What is needed — Type the data below again exactly. Omit all pictures.

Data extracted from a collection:
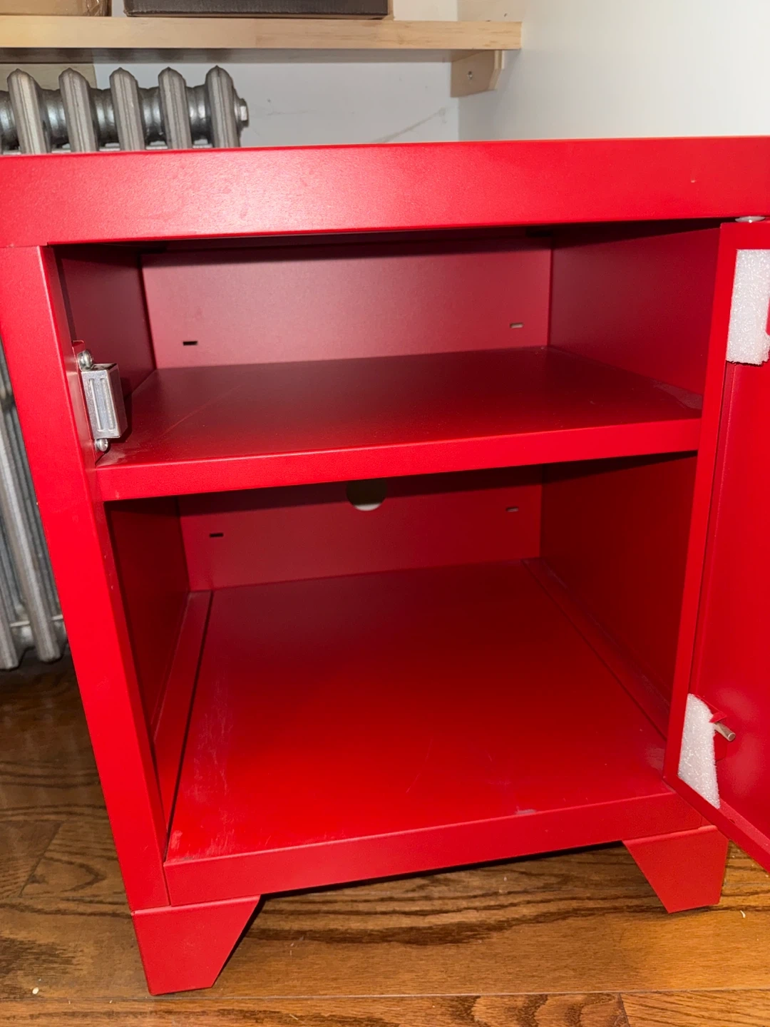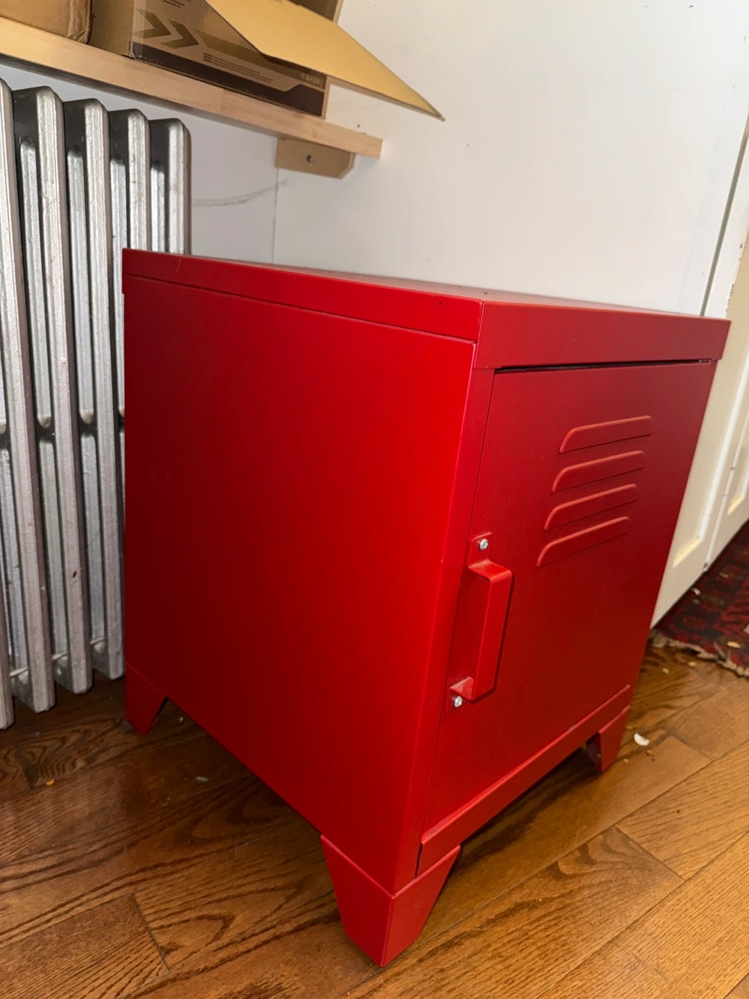 This is a red, locker-style side table or cabinet. It has a metal construction with a single door and two interior shelves. The door features a louvered design for ventilation. It's perfect for use as a nightstand or small storage unit!
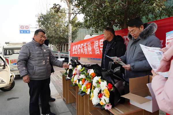 “焚烧冥币纸钱易污染环境、引发火灾,我们为您准备了鲜花,可以用纸钱来换,绿色、文明的生态祭祀方式让环境更美好!”在新春佳节到来之际,1月13日,恰逢左庄年集,枣庄市峄城区峨山镇组织殡改办工作人员走上街头,开展春节文明祭扫宣传活动,进一步推进移风易俗工作。记者在现场看到,志愿者的宣传内容,与赶集购买祭扫物品的群众“不谋而合”。多数群众主动购买鲜花,或在鲜花置换点用纸钱换取鲜花,以进献鲜花为主的方式进行祭扫,让墓地一改从前烟火缭绕的情况,让环境更加“清明”。同时,也让人真切感受到“鲜花换纸钱”的文明祭扫新风尚已渐入人心。(李利 王伟)
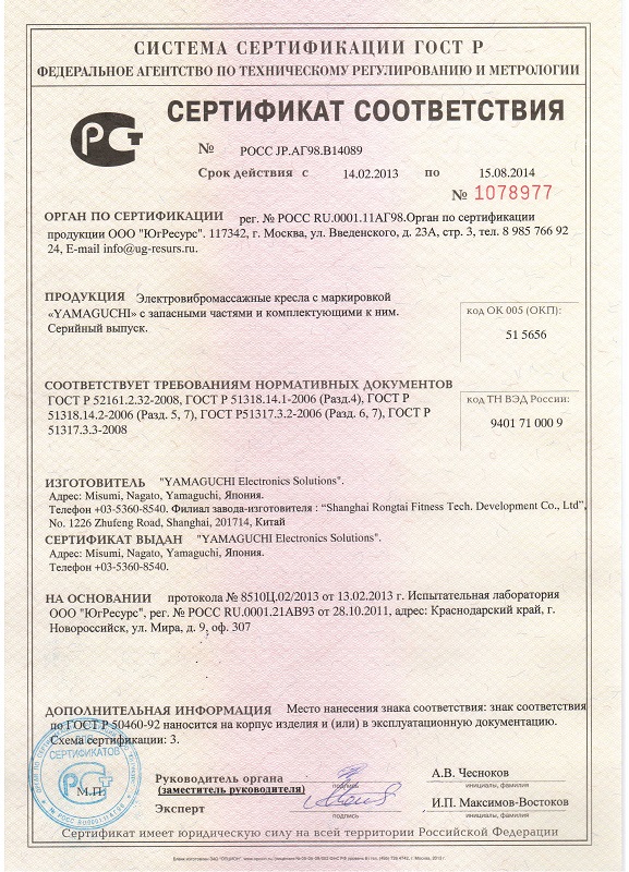 - 3 года гарантии на все массажные кресла от компаний Yamaguchi, US Medica, Anatomico.
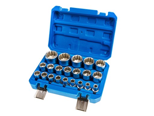 Praktyczny zestaw kluczy SPLINE z nasadką 1/2" w plastikowej walizce do przechowywania. W zestawie 21 sztuk w popularnych rozmiarach. Nasadki opracowane z myślą o profesjonalnym zastosowaniu. Wykonane są z wytrzymałej stali chromowo-wanadowej.
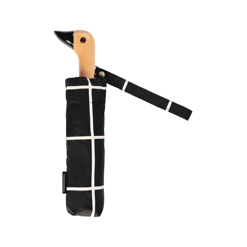 L'Ombrello Duck Head Black Grid di Moroni Gomma Srl è un elegante accessorio caratterizzato da un manico a forma di testa d'anatra e un motivo a griglia nera sul tessuto. Realizzato con materiali di alta qualità, offre resistenza e stile, ideale per proteggersi dalla pioggia con un tocco di classe.
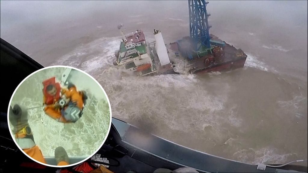 Huoltoalus upposi Hong Kongin lähistöllä trooppisessa hirmumyrskyssä. Pelastusviranomaiset julkaisivat dramaattisen videon miehistön pelastuksesta uppoavalta laivalta.
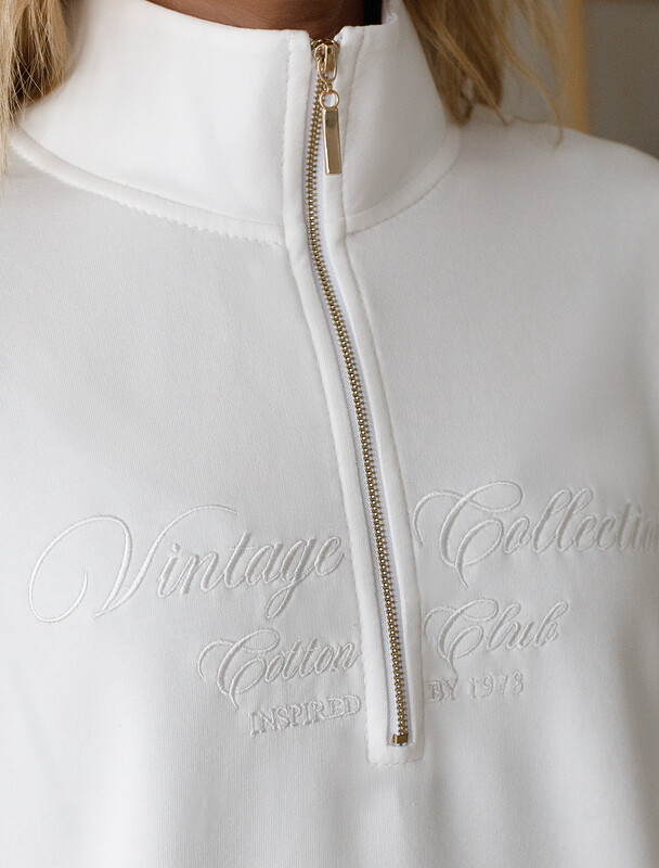 Уютный и комфортный вариант для прохладной погоды – стильный джемпер черного цвета с воротом на молнии. Изготовлен из премиального футера трехнитки с добавлением эластана. Материал сохраняет форму при длительном ношении и после многократных стирок, его мягкая текстура дарит ощущение уюта и тепла. Минималистичная вышивка в тон изделия в виде надписи. еревод надписи: Vinlage collection cotton club - Винтажная коллекция Хлопковый клуб. Свободный крой джемпера позволяет не ограничивать движения, что особенно важно для активного образа жизни. Подойдет на любую женскую фигуру, представлена широкая размерная линейка, большие размеры, легко комбинируется с другими вещами, создавая модные образы в стиле спорт-шик. Этот повседневный джемпер сочетает в себе удобство и актуальность, будет универсальным выбором для отдыха или прогулок.
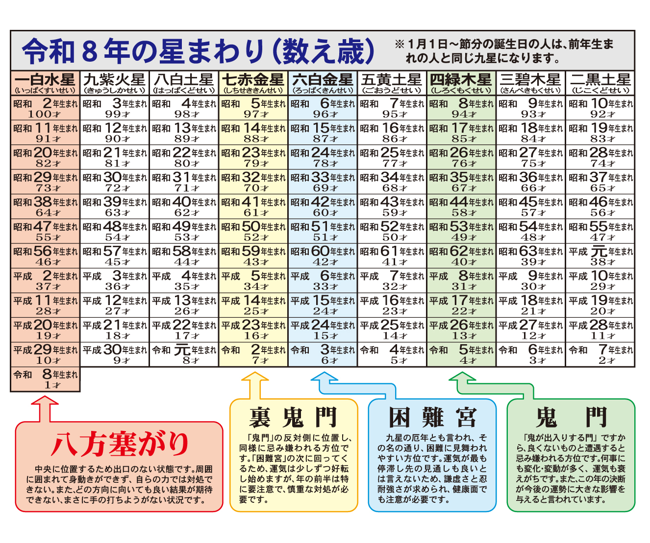 その星が八方向と中央の、合計九つの方位に一年ごと巡っていくのですが、

Response area —
 This is a red, locker-style side table or cabinet. It has a metal construction with a single door and two interior shelves. The door features a louvered design for ventilation. It's perfect for use as a nightstand or small storage unit!
 “焚烧冥币纸钱易污染环境、引发火灾,我们为您准备了鲜花,可以用纸钱来换,绿色、文明的生态祭祀方式让环境更美好!”在新春佳节到来之际,1月13日,恰逢左庄年集,枣庄市峄城区峨山镇组织殡改办工作人员走上街头,开展春节文明祭扫宣传活动,进一步推进移风易俗工作。记者在现场看到,志愿者的宣传内容,与赶集购买祭扫物品的群众“不谋而合”。多数群众主动购买鲜花,或在鲜花置换点用纸钱换取鲜花,以进献鲜花为主的方式进行祭扫,让墓地一改从前烟火缭绕的情况,让环境更加“清明”。同时,也让人真切感受到“鲜花换纸钱”的文明祭扫新风尚已渐入人心。(李利 王伟)
 - 3 года гарантии на все массажные кресла от компаний Yamaguchi, US Medica, Anatomico.
 Praktyczny zestaw kluczy SPLINE z nasadką 1/2" w plastikowej walizce do przechowywania. W zestawie 21 sztuk w popularnych rozmiarach. Nasadki opracowane z myślą o profesjonalnym zastosowaniu. Wykonane są z wytrzymałej stali chromowo-wanadowej.
 L'Ombrello Duck Head Black Grid di Moroni Gomma Srl è un elegante accessorio caratterizzato da un manico a forma di testa d'anatra e un motivo a griglia nera sul tessuto. Realizzato con materiali di alta qualità, offre resistenza e stile, ideale per proteggersi dalla pioggia con un tocco di classe.
 Huoltoalus upposi Hong Kongin lähistöllä trooppisessa hirmumyrskyssä. Pelastusviranomaiset julkaisivat dramaattisen videon miehistön pelastuksesta uppoavalta laivalta.
 Уютный и комфортный вариант для прохладной погоды – стильный джемпер черного цвета с воротом на молнии. Изготовлен из премиального футера трехнитки с добавлением эластана. Материал сохраняет форму при длительном ношении и после многократных стирок, его мягкая текстура дарит ощущение уюта и тепла. Минималистичная вышивка в тон изделия в виде надписи. еревод надписи: Vinlage collection cotton club - Винтажная коллекция Хлопковый клуб. Свободный крой джемпера позволяет не ограничивать движения, что особенно важно для активного образа жизни. Подойдет на любую женскую фигуру, представлена широкая размерная линейка, большие размеры, легко комбинируется с другими вещами, создавая модные образы в стиле спорт-шик. Этот повседневный джемпер сочетает в себе удобство и актуальность, будет универсальным выбором для отдыха или прогулок.
 その星が八方向と中央の、合計九つの方位に一年ごと巡っていくのですが、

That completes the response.